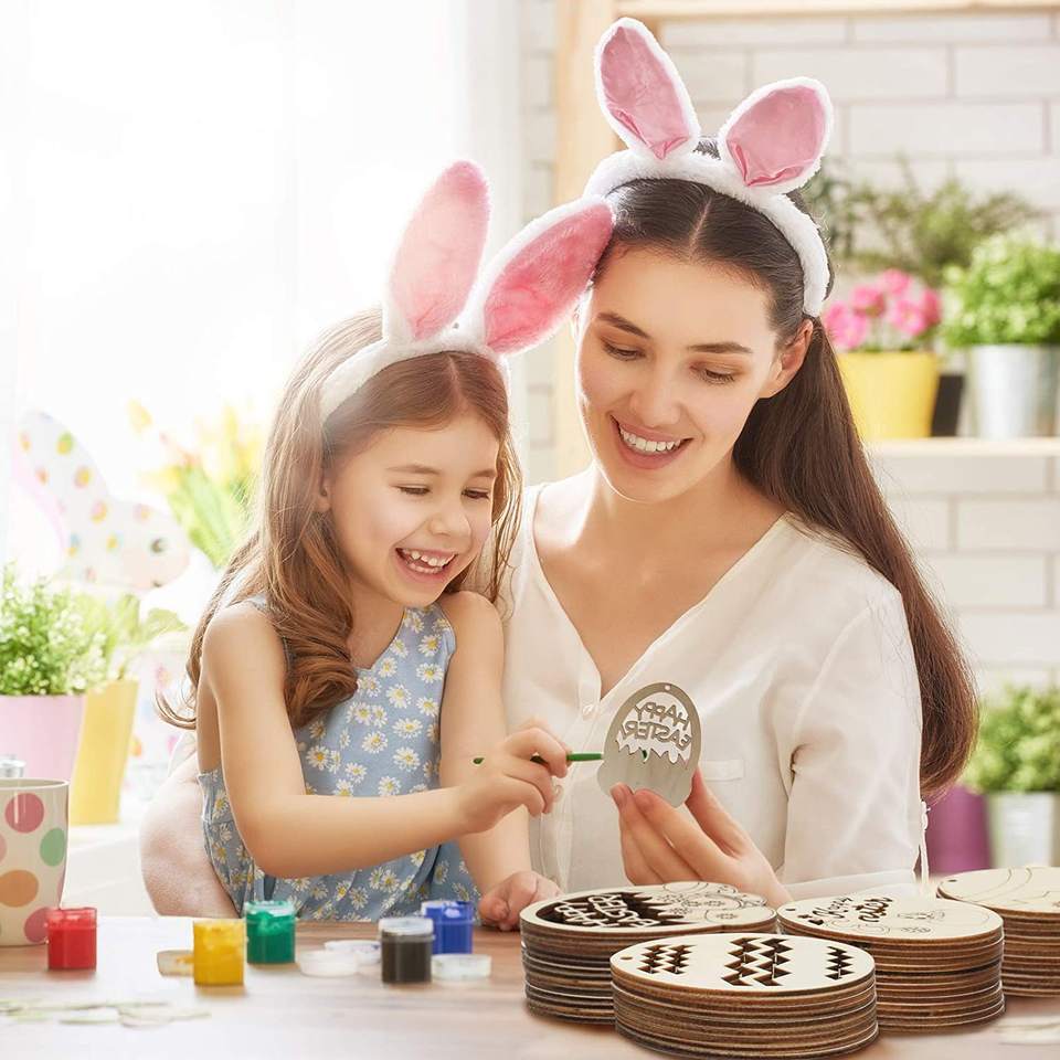 Decoraciones Colgantes de Madera DAMAI, Adornos de Madera para Colorear DIY, Pollo, Conejo, Huevos de Pascua, Colgante de Madera, Decoración para Fiestas y Hogar
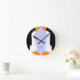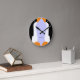 Este relógio de parede apresenta dois pinguins ilustrados virados um para o outro. Cada pinguim tem asas e costas pretas, uma frente branca, olhos pretos e brancos, e pés cor de laranja e bico. A cor de fundo é azul pálido, mas você pode mudar isso. Há um espaço reservado para o seu nome. O relógio é personalizável. Use a opção Escolher seu estilo para escolher o tamanho (médio ou grande) e a forma (redondo ou quadrado). Use o botão Personalizar para personalizar totalmente o design.
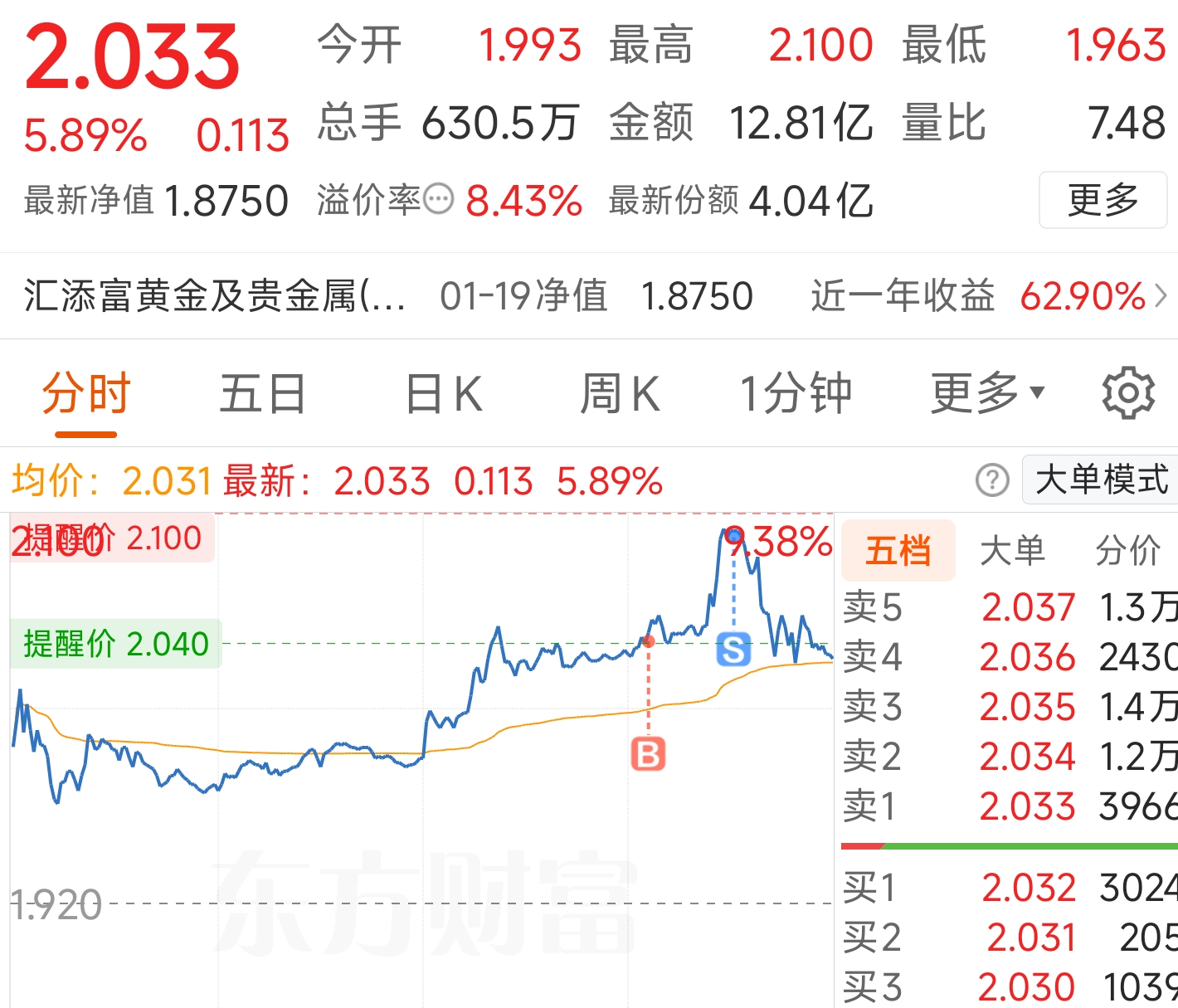 $黄金LOF(SZ164701)$ 最高点刚好在提醒价,要是没设置,没及时来卖掉,今天估计就要亏了。降息和关税的情绪不知道能持续多久,会不会卖飞了。
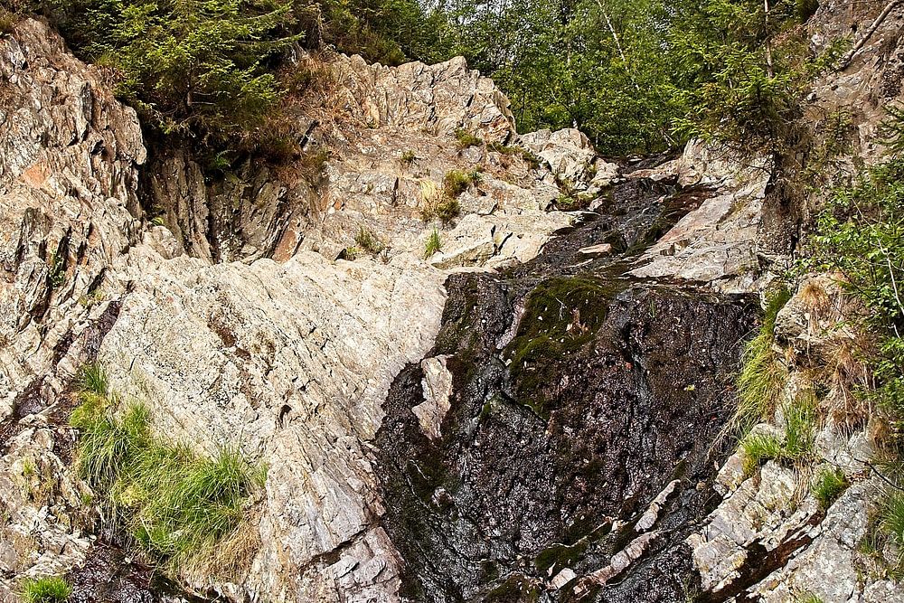 Only a small jet of water runs down the Bayehon waterfall in the Belgian Ardennes near Longfaye during the dry summer.
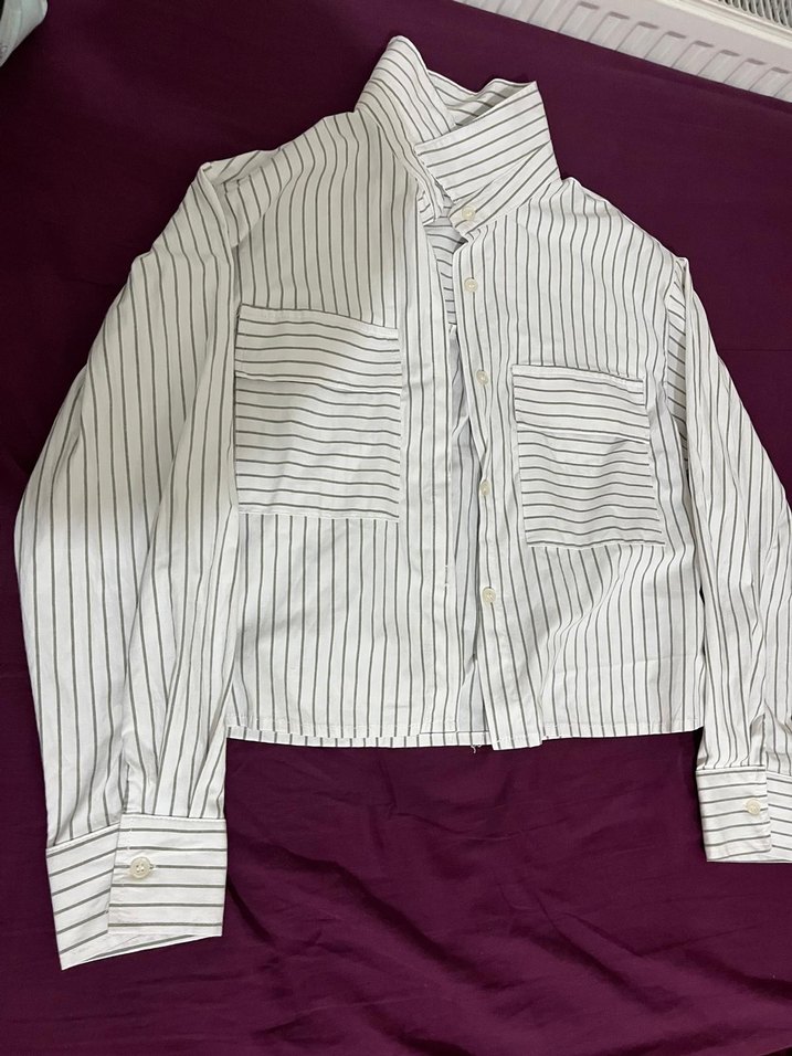 hiç giyilmedi uzun kollu, yakalı ve düğmeli Normal kesim, midi boy ve çizgili desenli xs ama L bedene kadar giyilebilir
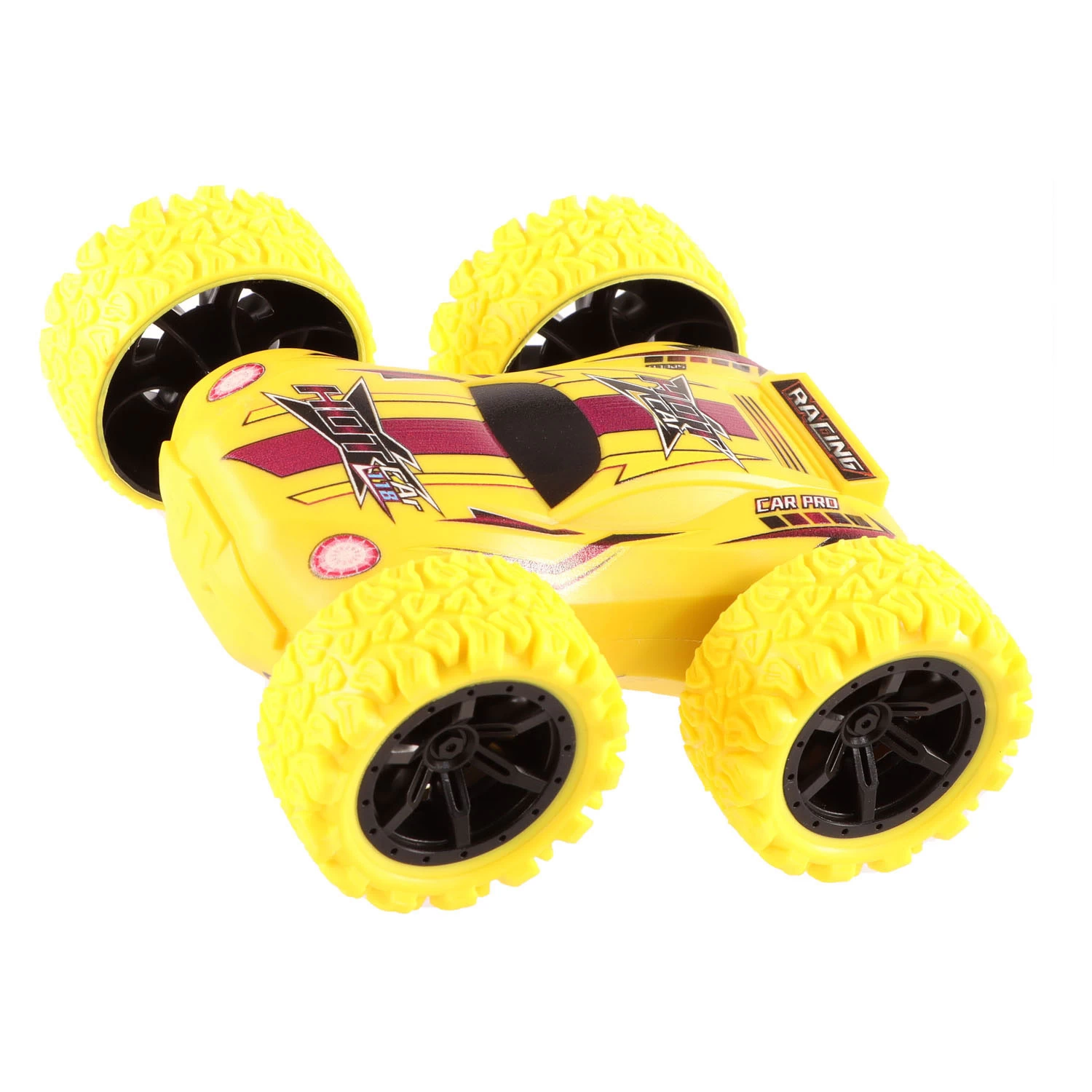 Dieses robuste Stuntauto kann dank seiner Reibräder mit Profilreifen selbstständig fahren. Er rast über den Boden! Und nicht nur das: Das Auto ist reversibel und kann sowohl kopfüber als auch vorwärts und rückwärts fahren. Hochgeschwindigkeits-Renn-Action mit coolen Stunt-Optionen. Vroom! Der Rennwagen ist 12 x 11,5 Zentimeter groß. Nicht für Kinder unter 3 Jahren geeignet. Preis pro Stück, verschiedene Designs / Farben werden gemischt.

DIRECTIONS: Output exactly the lines from the first line of the records through the line containing "Only a small". Leave out every picture.

TASK SOLUTION:
 Decoraciones Colgantes de Madera DAMAI, Adornos de Madera para Colorear DIY, Pollo, Conejo, Huevos de Pascua, Colgante de Madera, Decoración para Fiestas y Hogar
 Este relógio de parede apresenta dois pinguins ilustrados virados um para o outro. Cada pinguim tem asas e costas pretas, uma frente branca, olhos pretos e brancos, e pés cor de laranja e bico. A cor de fundo é azul pálido, mas você pode mudar isso. Há um espaço reservado para o seu nome. O relógio é personalizável. Use a opção Escolher seu estilo para escolher o tamanho (médio ou grande) e a forma (redondo ou quadrado). Use o botão Personalizar para personalizar totalmente o design.
 $黄金LOF(SZ164701)$ 最高点刚好在提醒价,要是没设置,没及时来卖掉,今天估计就要亏了。降息和关税的情绪不知道能持续多久,会不会卖飞了。
 Only a small jet of water runs down the Bayehon waterfall in the Belgian Ardennes near Longfaye during the dry summer.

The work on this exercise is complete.